# [Exercise]
With the pictures left out, transcribe exactly the lines from the one with "Shot of a busy" through the end of the data.

[Collected data entries]
________
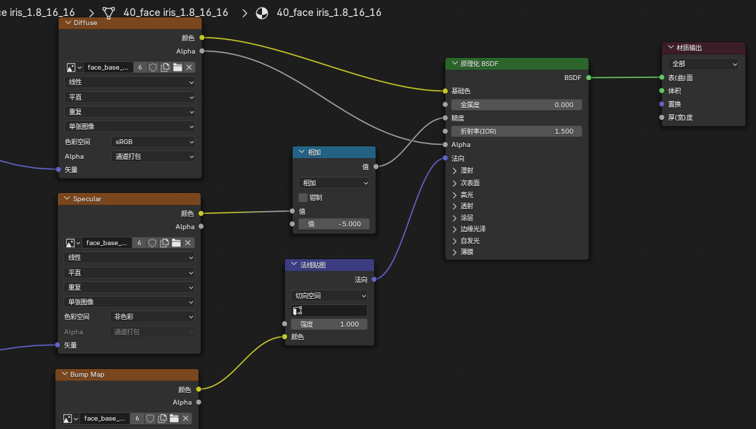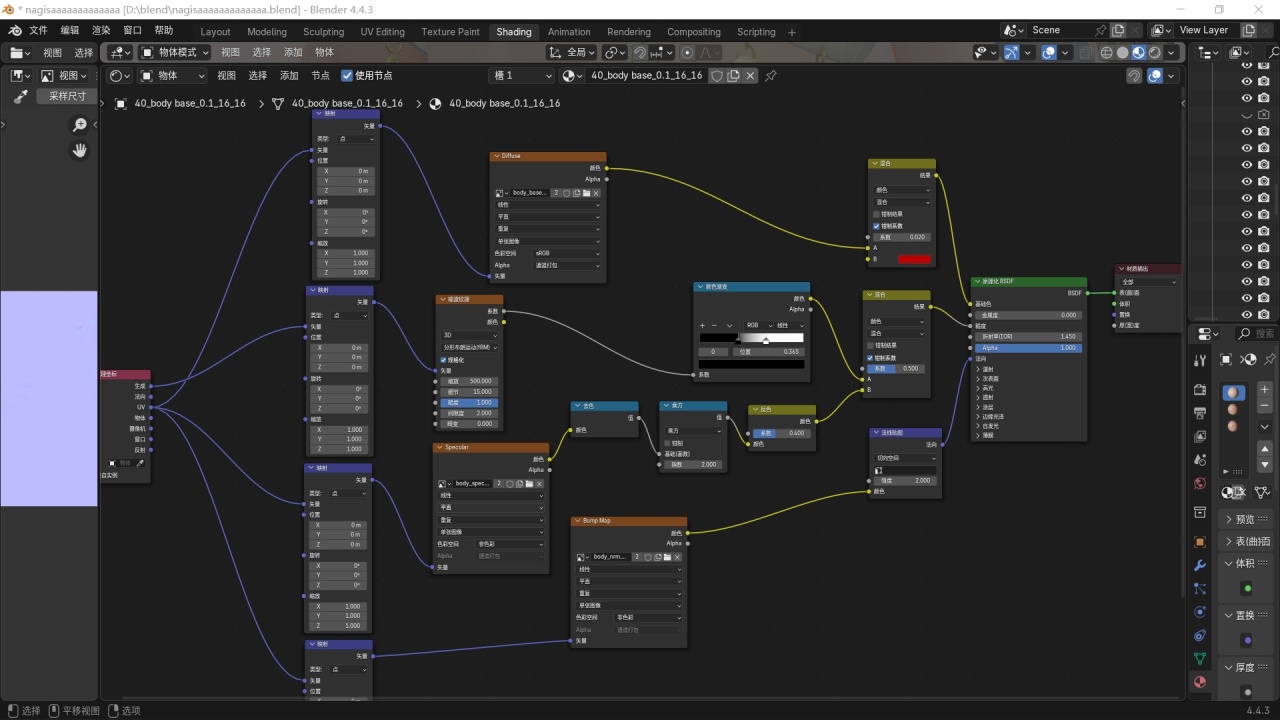 點擊身體或面部的材質,按照下圖,右鍵添加相應的節點,相比前面的有點多,但還算簡單,各種參數按照我的進行設置,但是不需要特別準確。注意圖中的混合是混合顏色。
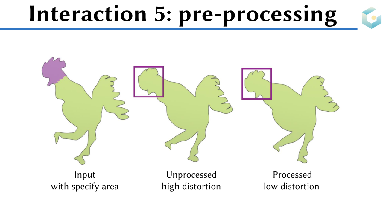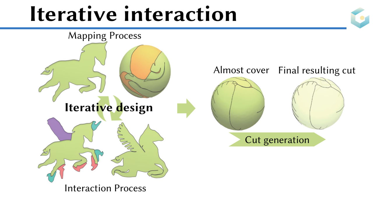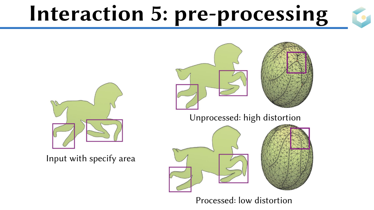 除了优化算法外我们还需要考虑如何跟用户进行交互。有一些性质即使在优化后也很难在球面上进行闭合,这就需要一些交互式的反馈来提醒用户修改输入形状。
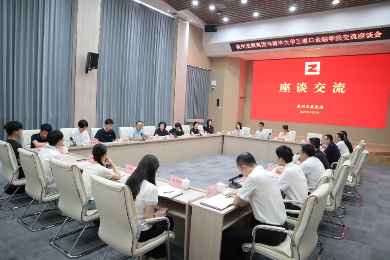 在泉州发展集团座谈会上,金同控股集团总经理夏徐斌介绍了综合金融服务领域的战略布局和发展路径,各权属公司负责人分别就经营概况与业务特色作简要介绍。五道口金融学院党委委员李静芳作为支队学术指导老师,介绍了学院的办学模式、专业特色及人才培养等情况。支队成员围绕新形势下金融行业如何深化产融结合、提升价值创造、平衡创新与合规等方面同泉州发展集团业务骨干深入交流,现场气氛热烈融洽。
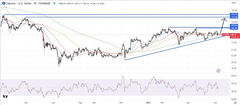 С ноября LTC находится в процессе формирования модели бычьего восходящего треугольника с поддержкой в виде восходящего тренда от минимумов ниже $50 и с сопротивлением в виде первых годовых максимумов в районе $103-105.
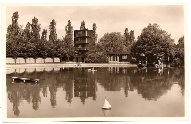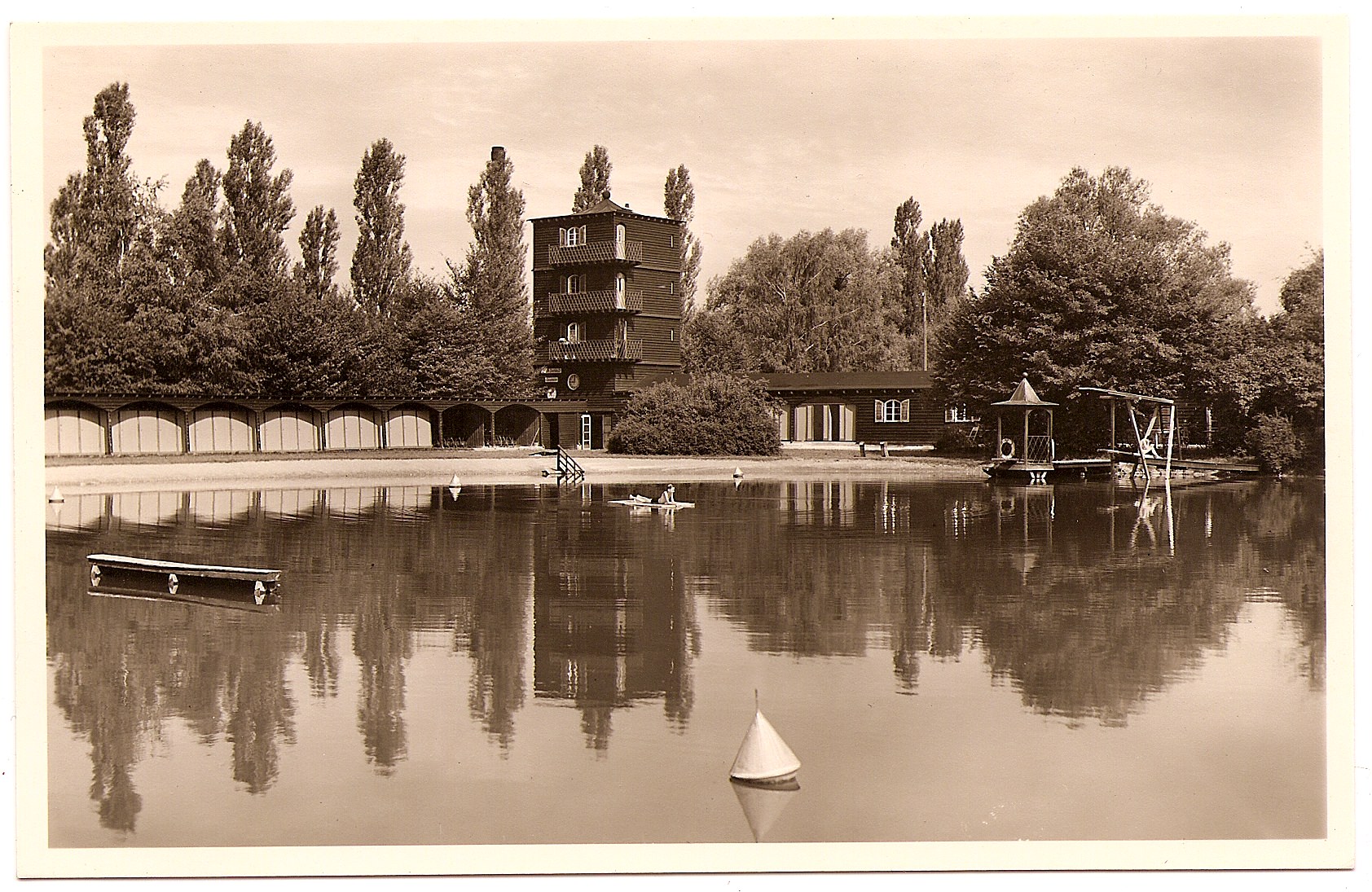Im vorderen, größeren Teil des Bades standen zwei Sprungbretter (1m / 3m). Das Startbrett (links) war Ausgangspunkt für das 50m-Schwimmen (= 1 Breite). Ziel war ein Steg rechts neben dem 3m-Sprungbrett. In der Mitte des Bades lagen ein paar mit Ketten befestigte Flöße. Rote Bojen kennzeichneten die Grenze des Nichtschwimmerbereichs. Kasse und Eingang waren am Holzturm.
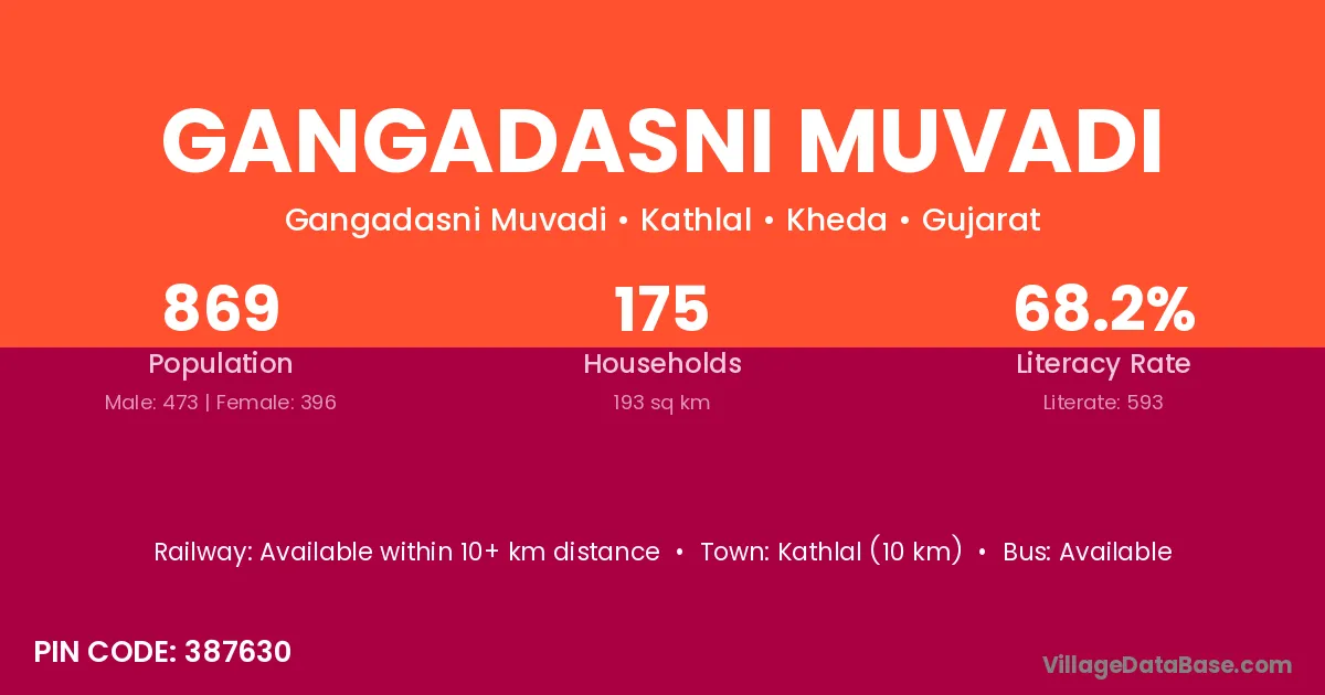 Gangadasni Muvadi village has a total population of 869 people, of which 473 are males and 396 are females.
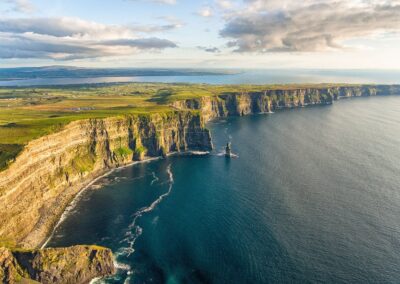 Begin with Mass in Cork, then travel north to County Clare for the dramatic Cliffs of Moher, towering over the Atlantic with sweeping views to the Aran Islands. Continue through the West to Galway.
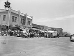 Shot of a busy street in Levelland, Texas. Along both sides of the road are several vehicles. Also shown is a traffic signal with a "No U Turn" sign beneath it. Along the far left are people standing outside of various businesses and buildings, including Wallace Theater, Palace Drugstore and Jones Dry Goods, Incorporated.
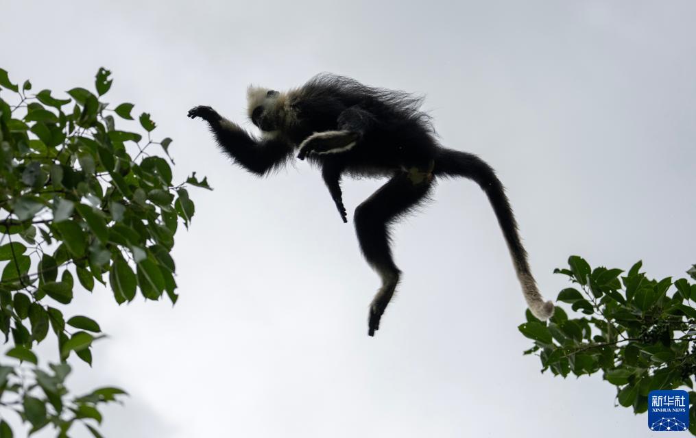 在崇左市江州区罗白乡的白头叶猴国家级自然保护区,白头叶猴在林间飞跃(8月5日摄)。
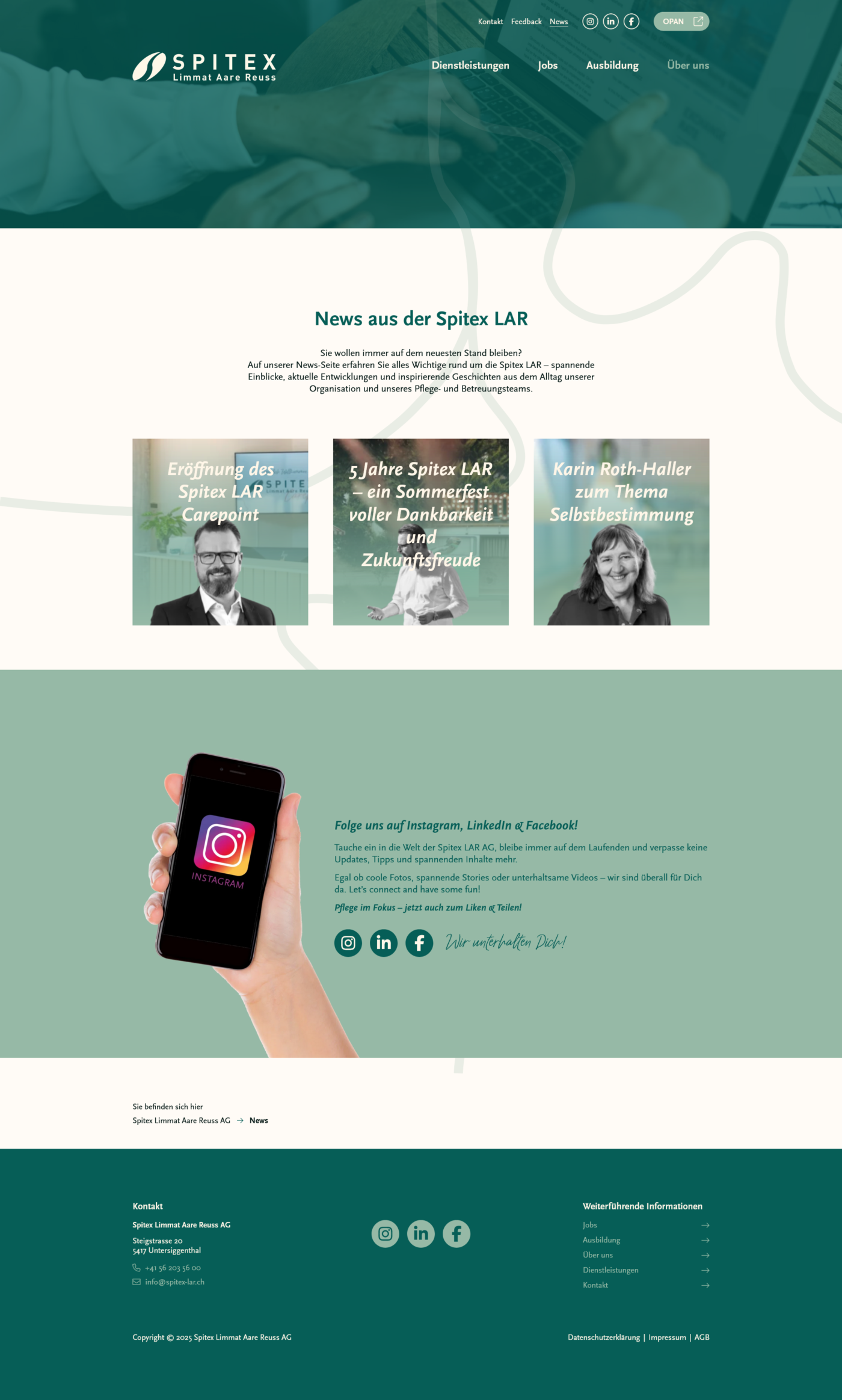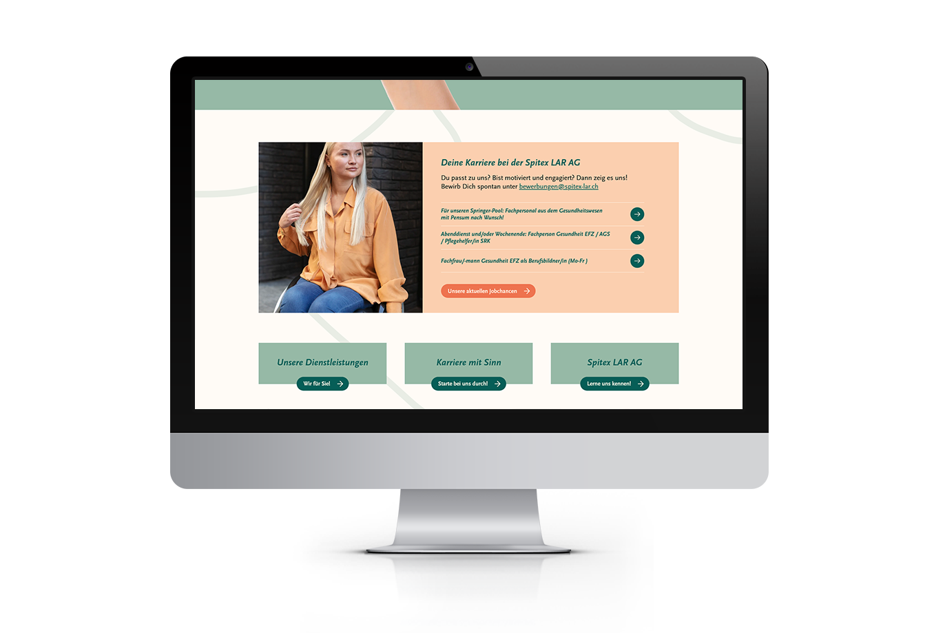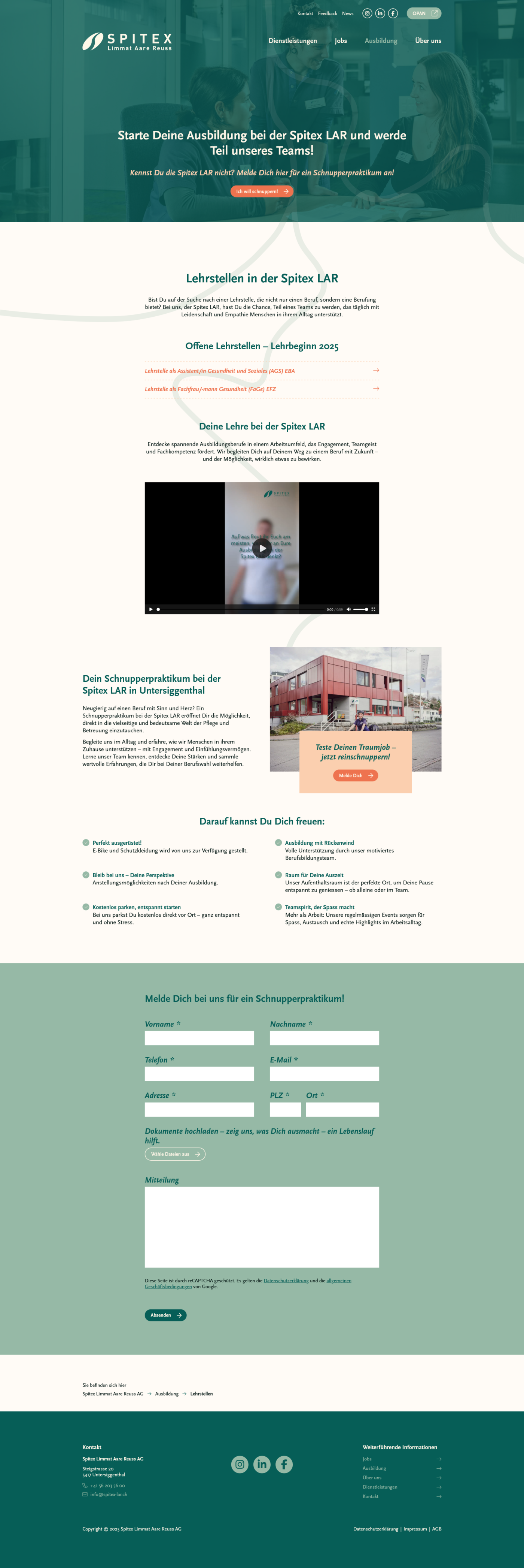 Spitex LAR legt grossen Wert auf gezieltes Employer Branding, um qualifizierte Fachkräfte für ihr engagiertes Team zu gewinnen. Die neue Website wurde so aufgebaut, dass sich der Bereich rund um Jobs und Ausbildung künftig flexibel erweitern und gezielt vermarkten lässt.
________
# [Output of the exercise]
 Shot of a busy street in Levelland, Texas. Along both sides of the road are several vehicles. Also shown is a traffic signal with a "No U Turn" sign beneath it. Along the far left are people standing outside of various businesses and buildings, including Wallace Theater, Palace Drugstore and Jones Dry Goods, Incorporated.
 在崇左市江州区罗白乡的白头叶猴国家级自然保护区,白头叶猴在林间飞跃(8月5日摄)。
 Spitex LAR legt grossen Wert auf gezieltes Employer Branding, um qualifizierte Fachkräfte für ihr engagiertes Team zu gewinnen. Die neue Website wurde so aufgebaut, dass sich der Bereich rund um Jobs und Ausbildung künftig flexibel erweitern und gezielt vermarkten lässt.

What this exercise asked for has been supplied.